E uma das causas, embora indireta, dessas transformações
ocorreu por conta da atuação dos temíveis grupos
de piratas japoneses denominados pelos chineses e coreanos de wakô.
Wakô,
os piratas japoneses
Os wakô viviam na região norte da Ilha de Kyushu e nas
redondezas da Baía de Seto. Com frotas que variavam de 3 a 500
navios, invadiam terras vizinhas e queimavam casas, matando todos aqueles
que tentavam resistir. Outra prática constante era a pilhagem de
bens e o seqüestro de homens, mulheres e crianças.
Os ataques
freqüentes dos piratas contribuíram para a decadência
do reino de Kôrai (Coréia). Em 1392, Yi Song-Gye (1335~1408)

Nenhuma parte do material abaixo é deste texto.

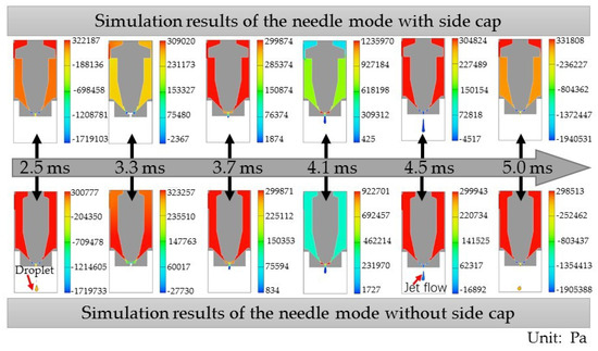 While keeping the other variables consistent, a needle without a side cap was employed for comparison. The dispensing processes of the second cycle are shown in Figure 5. It can be seen from the results that the needle model with a side cap had an enhanced squeezing effect on the fluid, with the jet flow possessing a higher jetting velocity. At 2.5 ms, the droplet of the previous period was still within the boundary of the needle model without a cap, while the droplet had flown out of the boundary in the simulation of the needle model without a cap. At 3.3 ms, the fluid filled the step groove more quickly in the case of the needle model without a side cap. Because the gap between its nozzle seat and needle was larger, the feed pressure’s squeezing effect on the fluid was more apparent, and therefore squeezed more fluid out of the nozzle outlet. At 3.7 ms, pressure in the nozzle cavity of the needle models with and without a side cap were essentially equal. At 4.1 ms, pressure in the nozzle cavity of the needle model with a side cap was greater than that of the needle model without a side cap. During the falling process of the needle, the needle model with a side cap inhibited fluid reflux in the cavity, providing more energy to the jet. At 4.5 ms, the jet flows produced by both models were broken. Moreover, the jet velocity of the needle model with a side cap was greater than the model without a side cap, which can be observed by comparing the results obtained at 5.0 ms.

conseguiu expulsar os wakô das terras coreanas, derrubar o reino
de Kôrai e fundar a dinastia Yi (1392~1910). O comércio entre
Japão e Coréia iniciou-se quando Yi enviou uma carta para
Ashikaga Yoshimitsu (1358~1408), solicitando o combate aos wakô
e o comércio entre as duas nações, no que foi prontamente
atendido pelo xogunato japonês.
A queda da
dinastia Yuan na China, em 1369, também impulsionou o rigor no
combate aos wakô. A dinastia Ming, sucessora de Yuan, proibiu o
comércio privado e permitiu o comércio internacional apenas
com os países que tinham acordo com o reinado Ming.
Os wakô
readquiriram força com o enfraquecimento do xogunato de Muromachi.
Suas pilhagens continuaram até a unificação do Japão
por Toyotomi Hideyoshi.
Comércio
com China e Coréia
A atividade comercial entre Japão e Coréia foi muito
rica. Entre os produtos vendidos pelo arquipélago, estavam cobre,
enxofre e artigos dos mares do sul, como pimenta, medicamentos e plantas
perfumadas, trazidos pelos navios mercantes de Ryukyu (atual Okinawa).

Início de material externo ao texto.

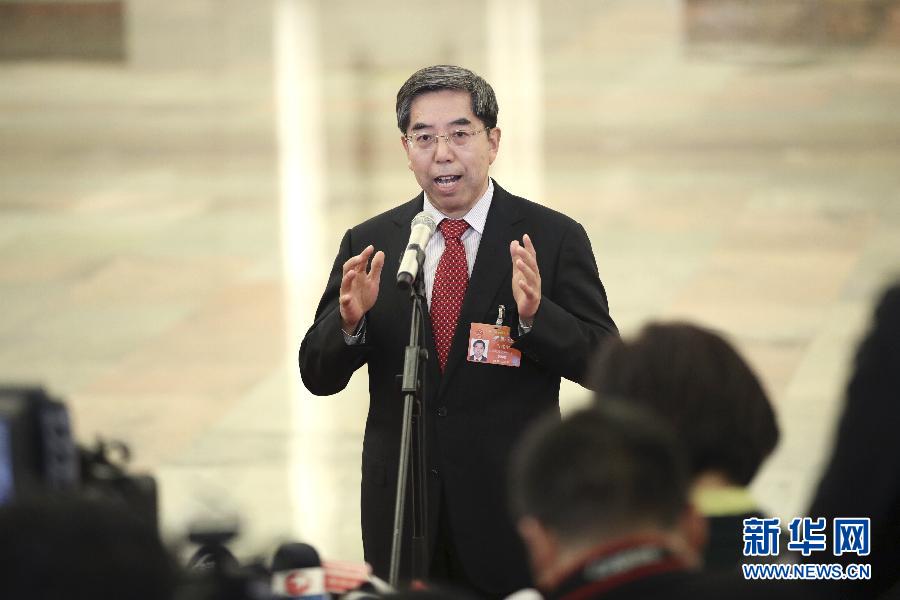 3月8日,十三屆全國人大二次會議在北京人民大會堂舉行第二次全體會議。這是國務院發展研究中心黨組書記馬建堂在“部長通道”接受采訪。新華社記者 金立旺 攝

As compras consistiam em tecidos, principalmente o algodão, que
os nipônicos não produziam. Nessa época, os japoneses
usavam roupas feitas de tecido de cânhamo. Como o tecido de algodão
era mais eficiente no inverno que o de cânhamo, ele se tornou um
item muito apreciado no Japão, com importações em
grande quantidade e forte influência nos hábitos do povo
do sol nascente.
No início,
as transações comerciais eram feitas em Hakata, cidade ao
norte da Ilha de Kyushu. Entretanto, durante a Era Muromachi, duas cidades
cresceram rapidamente: a própria Hakata e Sakai, situada na Baía
de Osaka.
O dazaifu,
repartição do governo central para cuidar de assuntos diplomáticos
com a China e a Coréia, bem como para defender o Japão dos
ataques inimigos, estava instalado na cidade de Hakata desde tempos antigos.
No entanto, com o passar do tempo, a cidade prosperou com o comércio
de importação e exportação, o que a tornou
alvo de disputa entre os daimiôs, os senhores feudais da época.
Já
Sakai não passava de um pequeno povoado, que servia de estalagem
para os romeiros a caminho de Kumano. Entretanto, a Revolta de Onin, ocorrida
no início da Era Muromachi, foi um estímulo ao crescimento
da cidade, pois, nessa ocasião, muitos nobres buscaram refúgio
no local, que passou a receber também as sacas de arroz cobradas
como tributo, fazendo de Sakai uma importante cidade portuária.
O comércio
era feito com as moedas de cobre importadas da China. No entanto, por
escavações arqueológicas, descobriu-se que muitas
moedas que circularam nessa época eram falsas e foram produzidas
em Sakai. O fato de essas moedas falsas, fabricadas em grande escala,
terem circulado sem problemas, mostra o poder dos comerciantes, capaz
de calarem até mesmo as leis, que previam rigorosa punição
para tal infração.
Tanto Hakata
como Sakai prosperaram, a ponto de conseguirem manter certa autonomia
e paz, indiferentemente às guerras travadas entre os senhores feudais.
Com seu poder econômico, ambas fizeram florescer manifestações
culturais como a cerimônia do chá, os poemas japoneses
Waka e Renga , o teatro Nô, entre outras.
O reino
de Ryukyu
O arquipélago de Ryukyu foi habitado desde tempos remotos.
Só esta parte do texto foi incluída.